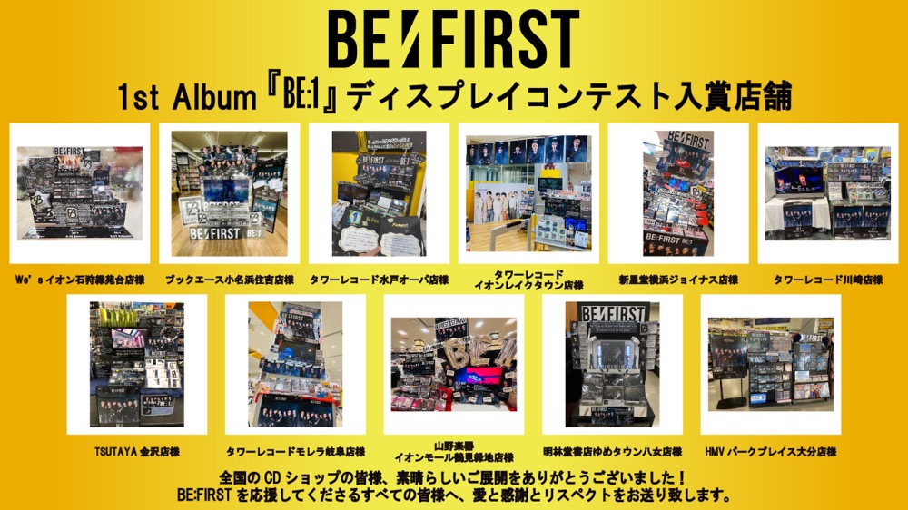 このディスプレイコンテストは、CDの発売時期に関わらず、日頃からBE:FIRSTのCDコーナーを展開し、応援してくれている全国のCDショップの人たちに対し、メンバーの感謝の気持ちを込めて実施。入賞した11店舗には“直筆サイン入り『BE:1』特製フレーム付き映像プレーヤー”が贈呈された。
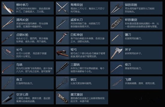 武侠乂远程武器分为长弓,弩弓,飞刀,眼铳和鸟铳五种。
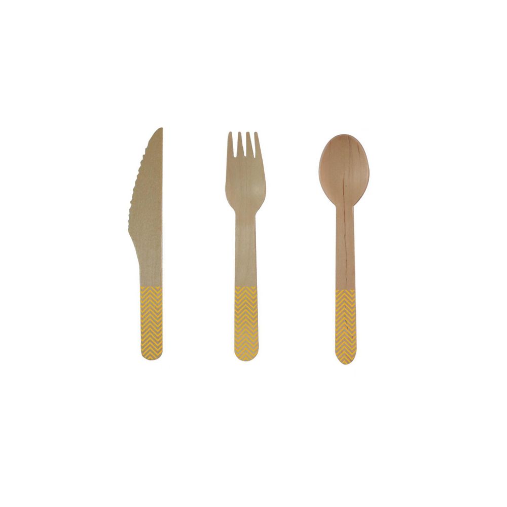 24-teiliges Holzbesteck-Set Gelb 8 Messer, 8 Gabeln und 8 Löffel
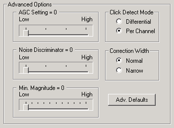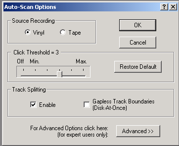 The following 'Advanced' options should only be altered by expert users. They are provided to help prevent the incidence of 'False Positives', ie places where components of ordinary music are detected as clicks. Most of these settings allow you to selectively reduce the click detection sensitivity. Click over an item for further information.
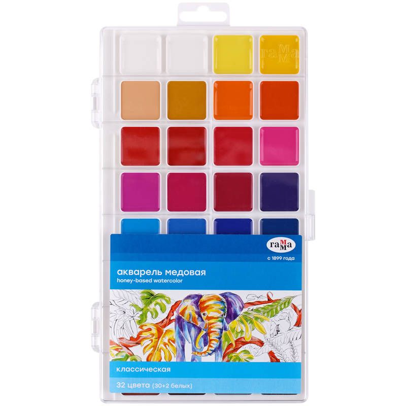 Акварель ГАММА "Классическая" медовая 32 цв, без кисти, пластик. упаковка RE-1009199
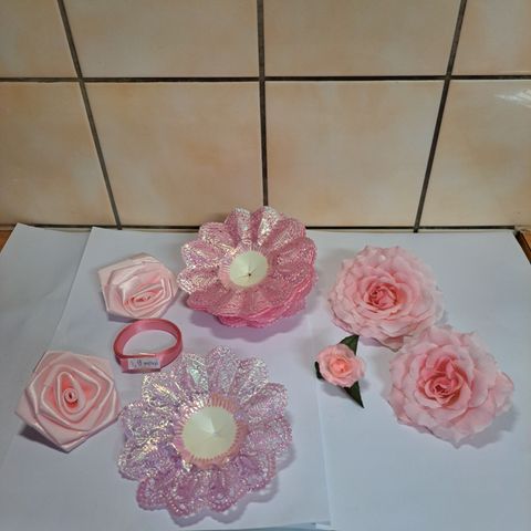 Käytyämätön viiri, jossa vaaleanpunaisia ja -sinisiä viirejä. Viirit kankaisia.
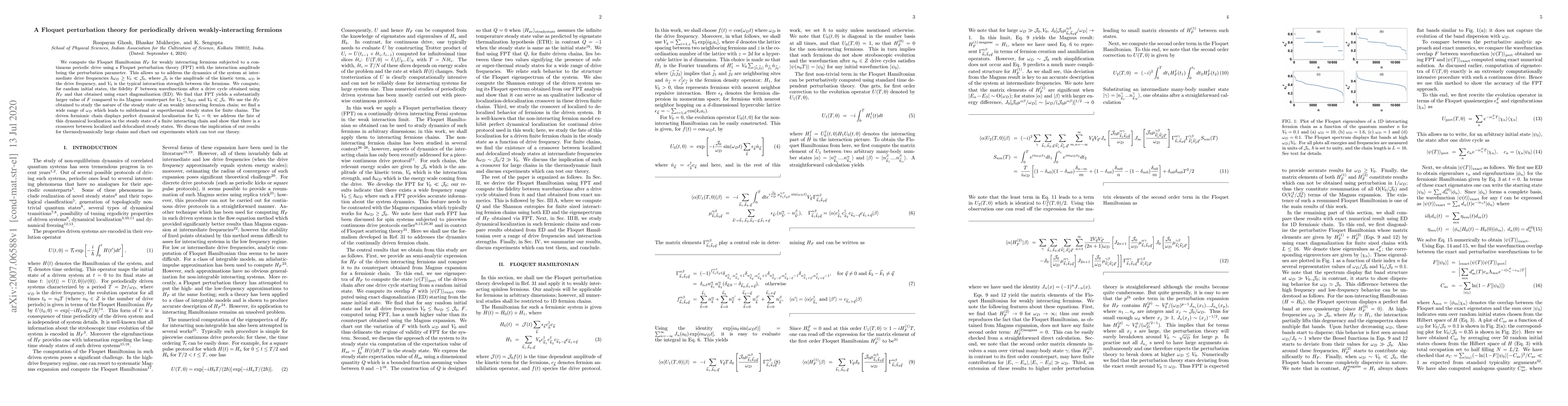 This paper develops a Floquet perturbation theory (FPT) to study the dynamics of weakly interacting fermions under periodic drives, finding that FPT outperforms the Magnus expansion for intermediate drive frequencies. It reveals a range of drive frequencies leading to subthermal or superthermal steady states in driven fermion chains, and discusses the transition from dynamical localization to delocalization in finite interacting chains.

------------------------------------

Assignment
Exactly as written, please give again the lines from the beginning of the listing through the line containing "24-teiliges Holzbesteck-Set Gelb", inclusive, without any pictures.

Solution for this task
 このディスプレイコンテストは、CDの発売時期に関わらず、日頃からBE:FIRSTのCDコーナーを展開し、応援してくれている全国のCDショップの人たちに対し、メンバーの感謝の気持ちを込めて実施。入賞した11店舗には“直筆サイン入り『BE:1』特製フレーム付き映像プレーヤー”が贈呈された。
 武侠乂远程武器分为长弓,弩弓,飞刀,眼铳和鸟铳五种。
 24-teiliges Holzbesteck-Set Gelb 8 Messer, 8 Gabeln und 8 Löffel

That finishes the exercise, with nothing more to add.